Des bohémiens ! Leur groupe n’a qu’une figure. Si d’aventure M. Durras oubliait de paraître à table (mais il n’a garde), une voix usée, gourmande, un peu tremblante de délices anticipées, demanderait le soir, lorsqu’on se retrouve « entre soi » :

— Pourriez-vous me dire, mesdames, ce que la bohémienne a fait de son mari ?

Et une autre vieille voix, suspendue au fil de sa vieille vie, répondrait :

— Elle l’a tué, madame. Cela devait finir ainsi.
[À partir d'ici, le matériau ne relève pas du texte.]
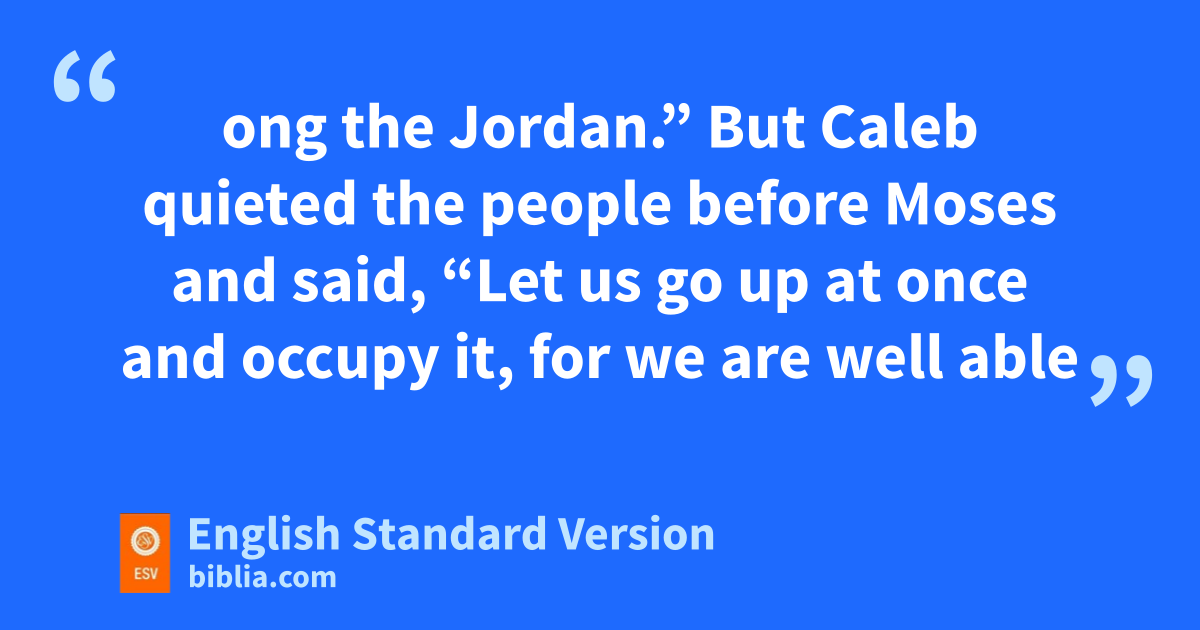 30 But cCaleb quieted the people before Moses and said, “Let us go up at once and occupy it, for we are well able to overcome it.” 31 dThen the men who had gone up with him said, “We are not able to go up against the people, for they are stronger than we are.” 32 So ethey brought to the people of Israel a bad report of the land that they had spied out, saying, “The land, through which we have gone to spy it out, is a land that devours its inhabitants, and fall the people that we saw in it are of great height. 33 And there we saw the gNephilim (the sons of Anak, who come from the gNephilim), and we seemed to ourselves hlike grasshoppers, and so we seemed to them.”

Une soirée de septembre 1910. Tous les pensionnaires sont en train de dîner dans la salle à manger du rez-de-chaussée, face au jardin. Le chant du jet d’arrosage change de ton, selon qu’il tombe sur le lierre du mur, sur la pelouse ou sur le gravier. La clarté de la fin du jour entre par la fenêtre. C’est un crépuscule de ville, couleur de sable et de trottoir, qui éveille les glaces, pâlit le linge et jaunit les visages. M. Durras, avec ses grandes joues, ressemble à Holopherne mourant. La lèvre inférieure, vermeille et d’une mobilité caprine, vit encore et proteste en un monologue sans voix, soutenu par la fixité de l’œil bleu minéral, un peu saillant sous le trait charbonneux des sourcils, cependant que ses longs doigts pétrissent machinalement des boulettes de mie de pain dont il jonche la nappe autour de son assiette.

Amédée est irrité. Il vient encore de se quereller avec sa femme à propos d’appartements.

— Vous voulez des choses qui n’existent pas. Vous voulez de l’air, de la lumière et des placards. À Paris, l’air et la lumière, c’est mille francs le mètre cube. Et les placards, ça n’existe pas.